Seven Cigarettes a Day: Panel Reveals Health Toll of Wildfire Smoke

In this photo provided by Frederic Larson, the Golden Gate Bridge is seen at 11 a.m. PT, Wednesday, Sept. 9, 2020, in San Francisco, amid a smoky, orange hue caused by the ongoing wildfires. (Frederic Larson via AP)

(CN) — As wildfires rage up and down the West Coast, a panel of experts from Stanford University said Friday that exposure to high levels of pollution from wildfire smoke is the equivalent of smoking seven cigarettes a day.

Add to that increased risk of stroke and heart attack as well as pushing the lungs to the limit if a person is exposed to wildfire smoke and then contracts Covid-19, said pediatrics professor Kari Nadeau with Stanford University School of Medicine.

“With any type of wildfire smoke, tobacco smoke, vaping — but especially wildfire smoke because a lot of it is toxic — it’s going to strip the lungs of its already functioning immune system. The lung and the immune system is already trying to fight against the wildfire smoke,” said Nadeau. “Then on top of that you get infected, that’s going to really wreak havoc on your body and your body is going to try to respond more fervently.”

Prolonged exposure to wildfire smoke can also damage the heart and increase the risk for stroke and heart attack for the elderly. For pregnant women, it can cause premature birth and even stillbirths.

Record-breaking poor air quality readings for the West Coast have stacked in the last several weeks. Much of the smoke seen in the San Francisco Bay Area and northern San Joaquin Valley is from the largest wildfire in recorded California history, the August Complex, which was sparked by numerous lightning strikes in mid-August. The fire has burned over 839,000 acres and stretches across multiple counties including Glenn, Lake, Mendocino, Tehama and Trinity.

Nadeau said it’s important that people stay informed on what their local Air Quality Index (AQI) is on any given day. The U.S. Environmental Protection Agency’s reporting metric ranges from zero to 301 — though monitoring stations can and do measure levels much, much higher — and is color-coded. Readings zero to 50 qualify as “good” air quality, marked green.
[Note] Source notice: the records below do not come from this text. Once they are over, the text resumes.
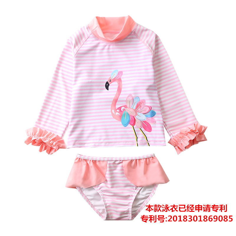 火烈鸟儿童欧美防晒分体游泳衣
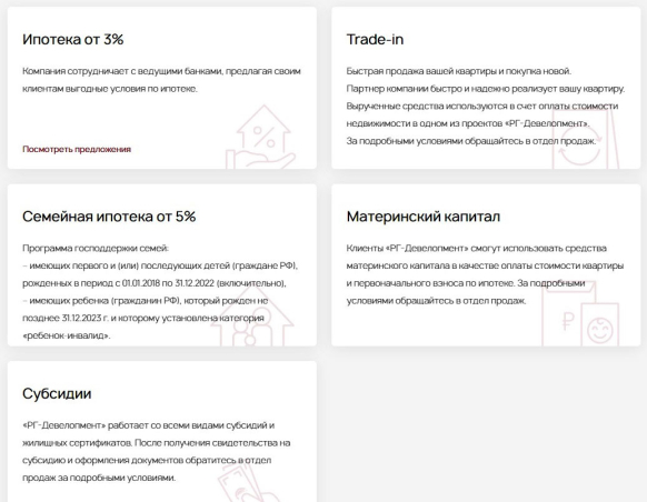 Застройщик может предложить выгодные условия получения ипотечного кредита. Здесь и ипотека от 3%, и семейная ипотека от 5% и покупка с использованием материнского капитала и всех видов субсидий. Есть и другие варианты покупки квартиры, например, с продажей покупателем застройщику своей старой квартиры (трейд-ин).
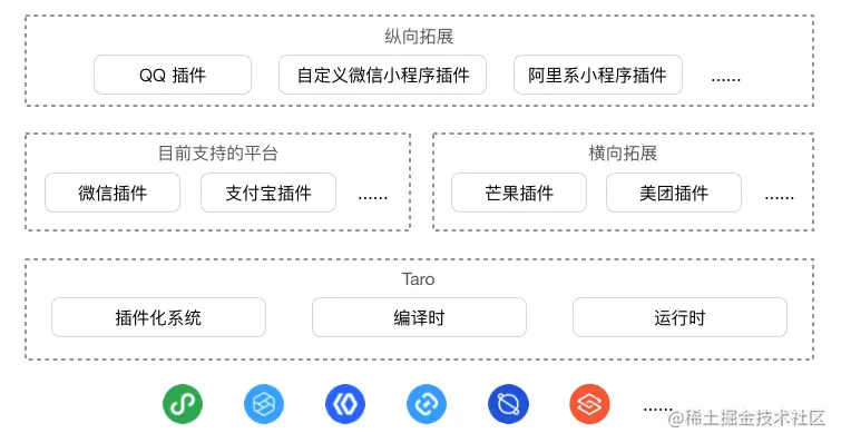 为此我们萌生了打造一个开放式框架的想法。目标是可以通过插件的形式扩展 Taro 的端平台支持能力:
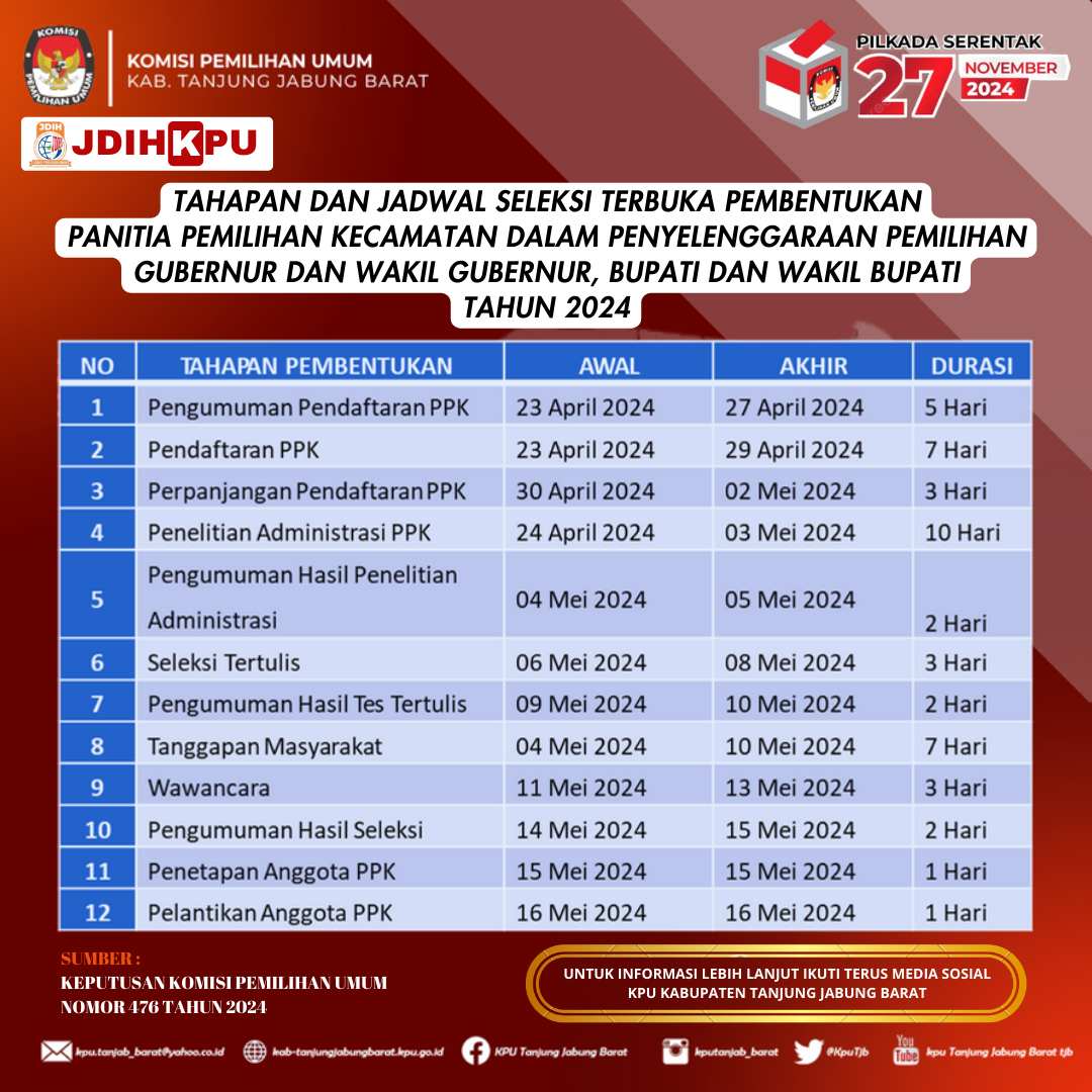 REKRUTMEN PANITIA PEMILIHAN KECAMATAN (PPK) SE-KABUPATEN TANJUNG JABUNG BARAT MENUJU PILKADA SERENTAK TAHUN 2024
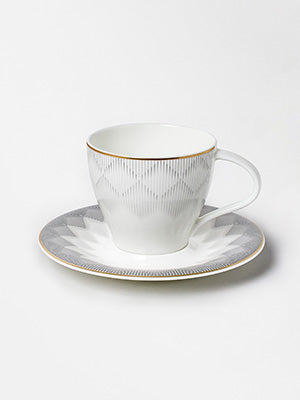 大理石に金彩が施された模様 大理石模様に金彩が施された絵柄を、ニッコーのイングレーズ転写技術※によって、ファインボーンチャイナにディテールまで表現したシリーズです。 ※釉上に絵付けして焼き付ける「イングレーズ絵付」手法。高温焼成によって釉薬中に溶け込み、光沢と耐久度が増します。
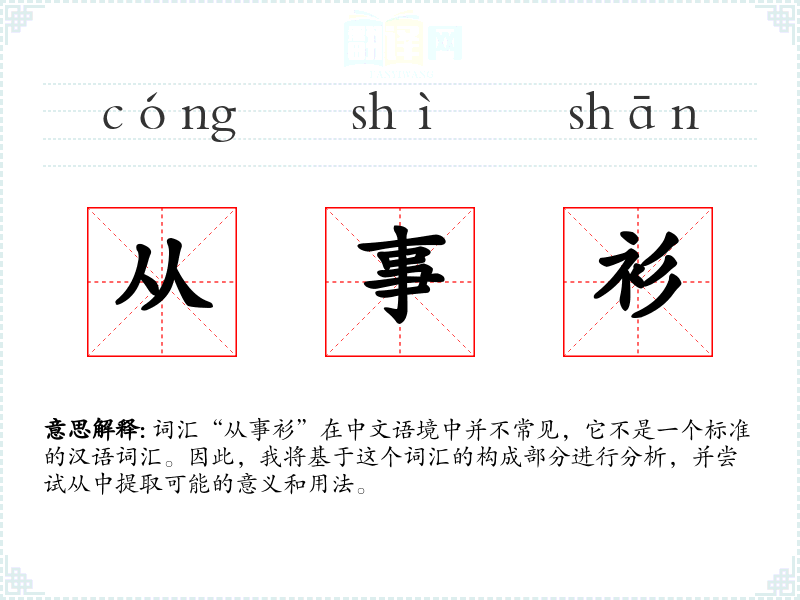 词汇“从事衫”在中文语境中并不常见,它不是一个标准的汉语词汇。因此,我将基于这个词汇的构成部分进行分析,并尝试从中提取可能的意义和用法。
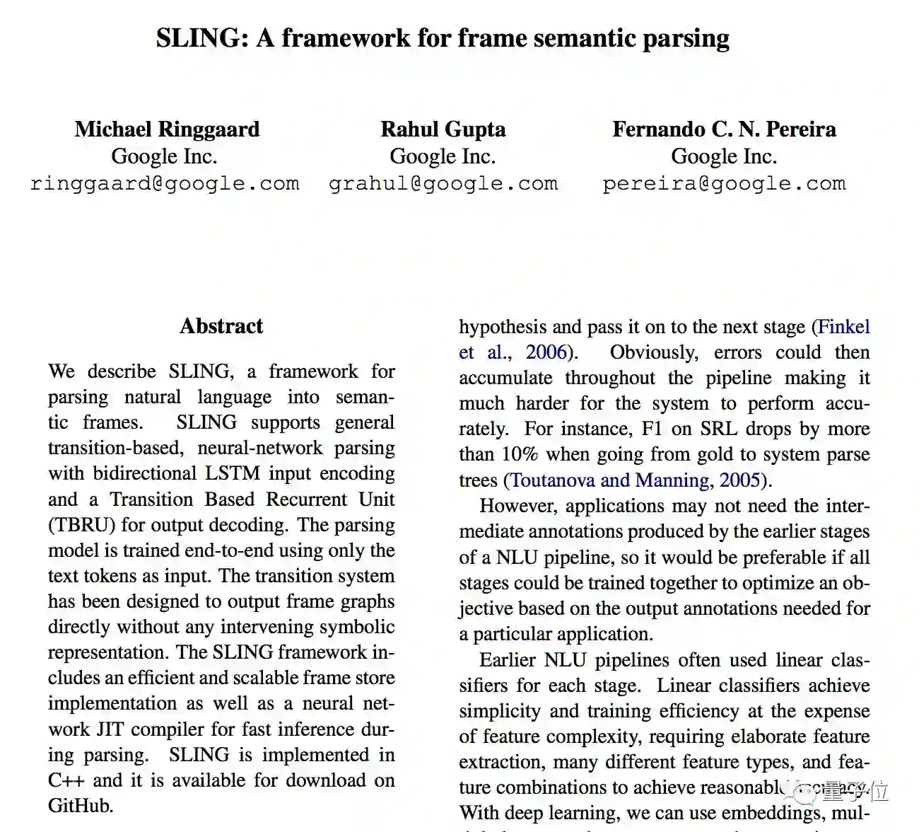 谷歌打破了这条流水线上的所有步骤,把它们捏到了一起,推出了一步到位的自然语言理解系统:SLING。
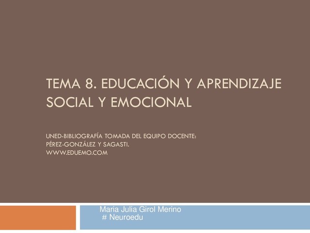 las emociones: La Teoría de James-Lange: Las emociones se generan primero a nivel inconsciente, y después, inmediatamente se experimenta la percepción subjetiva y surge el sentimiento. Panksepp (2011) y LeDoux (2011): Se puede experimentar cambios fisiológicos sin sentimiento y al contrario. Damasio (1994): Utiliza el término marcadores emocionales que corresponde a “recuerdos emocionales” , que reducen el número de opciones , tiempo y aumenta eficacia en la toma de decisiones.
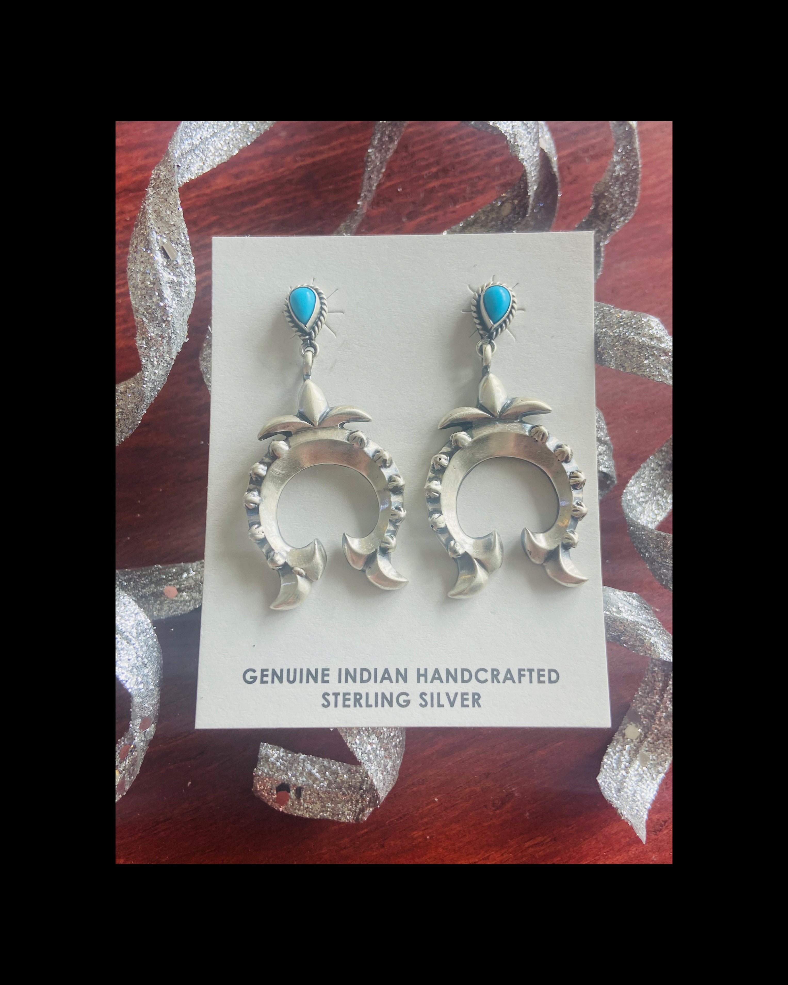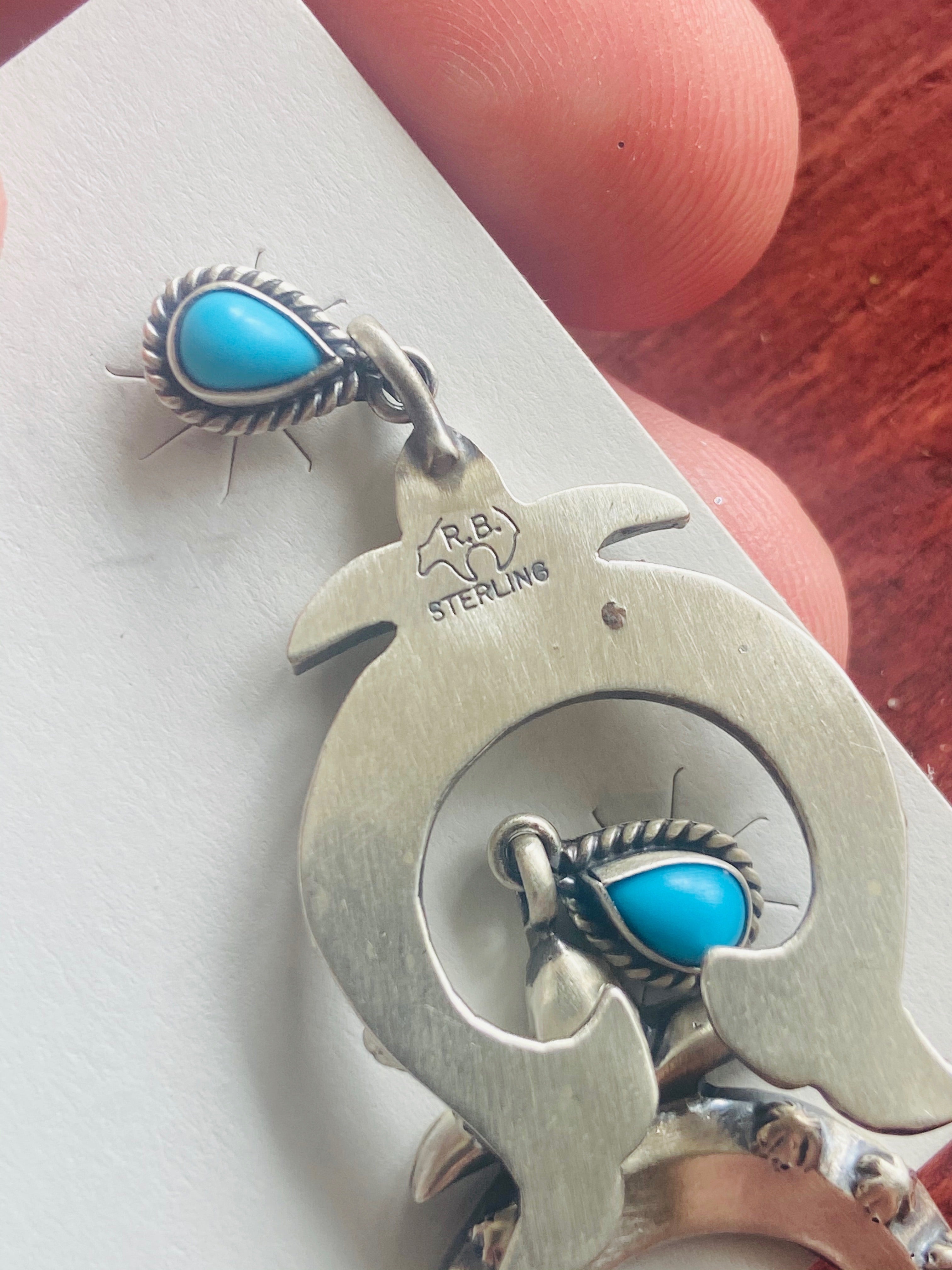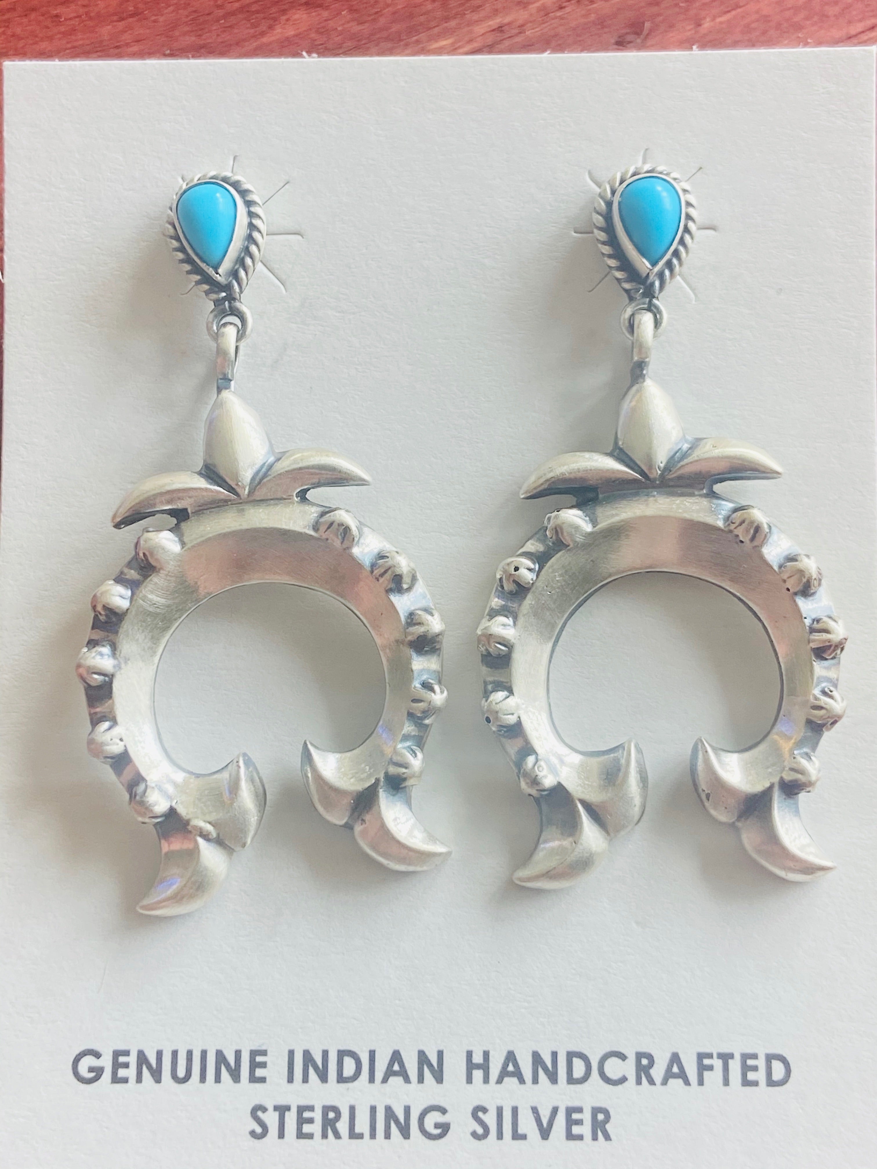 Navajo Turquoise & Sterling Silver Naja Dangles. They measure 1 7/8 inches long and 1 inch wide. Signed by the artist and stamped sterling silver.
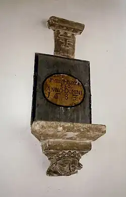 In the southwest corner of the nave can be found part of a 13th-century limestone marble slab, with an undeciphered inscription in Lombardic capitals along one margin. The communion rails were fitted at the bequest of William Meadston (died 1683). The door in the ground stage of the tower is formed of two leaves and is late-medieval, and originally was fitted in the west doorway. Prior to the restoration of 1880 there were two baptismal fonts in the church: one in the present position and one in the centre aisle. The present 13th-century font has an octagonal limestone marble bowl with two pointed arched panels in each face. The font's base has a cylindrical central pier with 19th-century peripheral shafts. The font's sub-base possibly incorporates the bowl of the earlier font which may well have been in use in the earliest church on this site.[4] The restored octagonal ogee font cover with crocketed ribs and finial is probably 16th-century.[1][2][4]
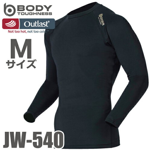 おたふく手袋 アウトラスト ストレッチ長袖インナーシャツ JW-540 クルーネック ブラック Mサイズ 夏冬兼用 NASA オールシーズン ブラック Outlast

“We know that an AQI measurement of about 20 is equivalent to smoking one cigarette a day,” said Nadeau. In the last week, Northern California residents have been exposed to readings of 150 — “unhealthy” — and higher.

“That’s equivalent to seven cigarettes a day,” said Nadeau.

Associate earth system science professor Marshall Burke said the high levels and duration of poor air quality on the West Coast are unprecedented and are going to be an issue for other parts of the world.

“If folks have seen the nice animations of this or the terrible animations of the plumes blowing across the rest of the U.S.,” said Burke. “So, this is not just a U.S. West Coast issue but a U.S.-wide issue.”

Burke said compared to other parts of the world, San Francisco Bay Area residents breathe relatively clean air and there’s a huge global disparity compared to developing nations.

“In the last few weeks, we’ve experienced what it’s like to live in many parts of the rest of the world. San Francisco, Portland, Seattle for a few days had some of the worst air quality in the world,” said Burke.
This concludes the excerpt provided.